TASK OBJECTIVE: Repeat everything in the data exactly except images.

DATA BLOCK:
"""

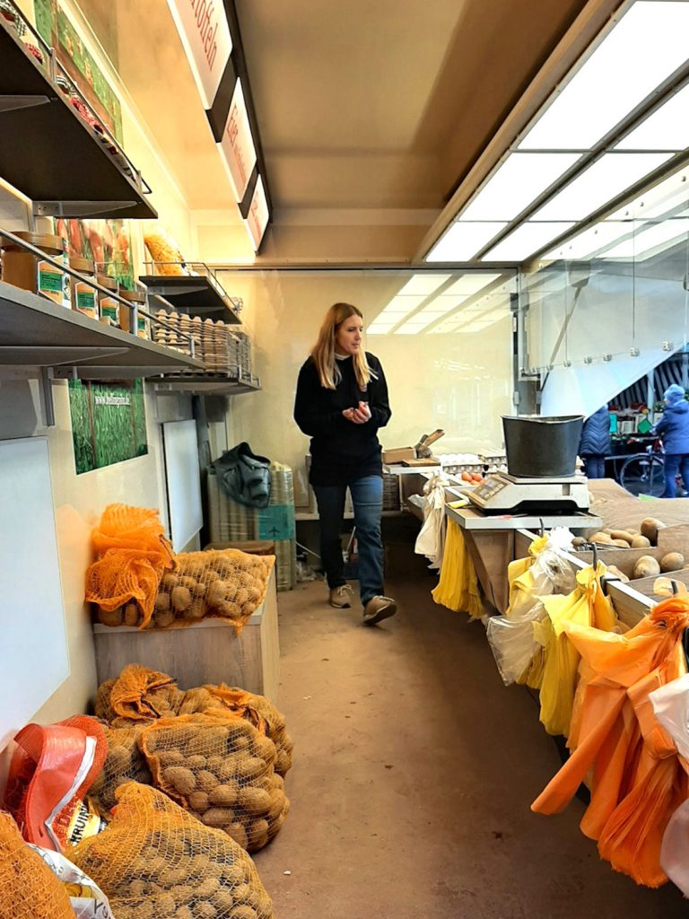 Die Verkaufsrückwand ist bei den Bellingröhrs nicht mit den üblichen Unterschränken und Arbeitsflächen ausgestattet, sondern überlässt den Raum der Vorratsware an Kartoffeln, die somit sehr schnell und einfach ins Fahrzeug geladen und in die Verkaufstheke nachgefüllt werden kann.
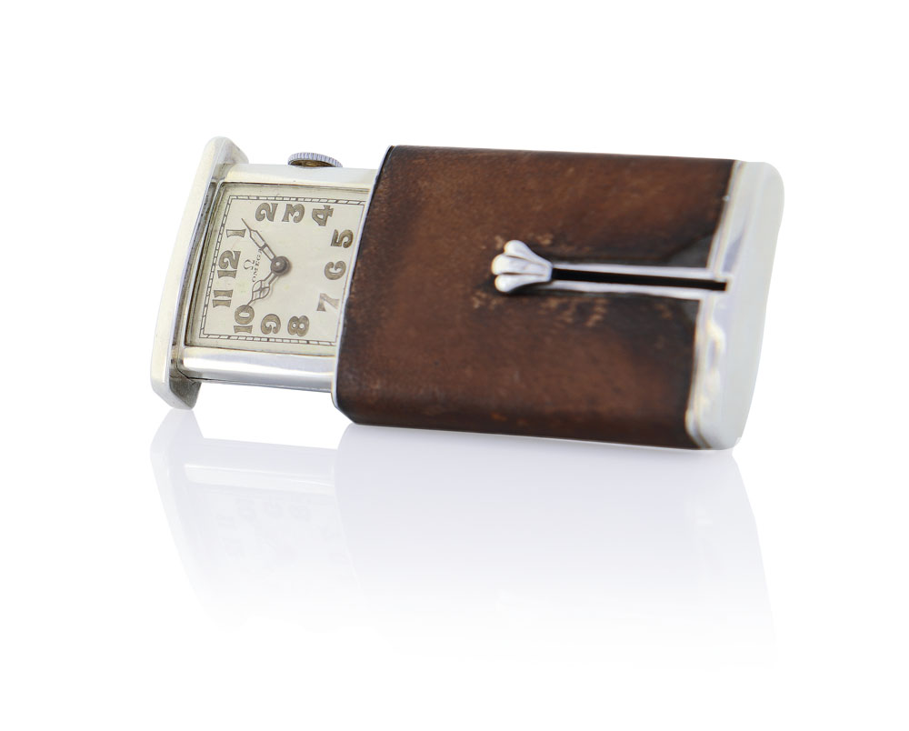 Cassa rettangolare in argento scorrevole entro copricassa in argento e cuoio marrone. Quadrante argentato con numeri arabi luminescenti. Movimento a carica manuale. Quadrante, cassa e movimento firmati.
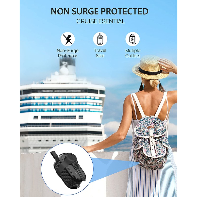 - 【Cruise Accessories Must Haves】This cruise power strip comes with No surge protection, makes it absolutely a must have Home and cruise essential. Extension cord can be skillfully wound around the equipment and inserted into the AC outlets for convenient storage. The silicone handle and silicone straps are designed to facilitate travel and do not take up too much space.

"""

EXPECTED ANSWER:
 Die Verkaufsrückwand ist bei den Bellingröhrs nicht mit den üblichen Unterschränken und Arbeitsflächen ausgestattet, sondern überlässt den Raum der Vorratsware an Kartoffeln, die somit sehr schnell und einfach ins Fahrzeug geladen und in die Verkaufstheke nachgefüllt werden kann.
 Cassa rettangolare in argento scorrevole entro copricassa in argento e cuoio marrone. Quadrante argentato con numeri arabi luminescenti. Movimento a carica manuale. Quadrante, cassa e movimento firmati.
 - 【Cruise Accessories Must Haves】This cruise power strip comes with No surge protection, makes it absolutely a must have Home and cruise essential. Extension cord can be skillfully wound around the equipment and inserted into the AC outlets for convenient storage. The silicone handle and silicone straps are designed to facilitate travel and do not take up too much space.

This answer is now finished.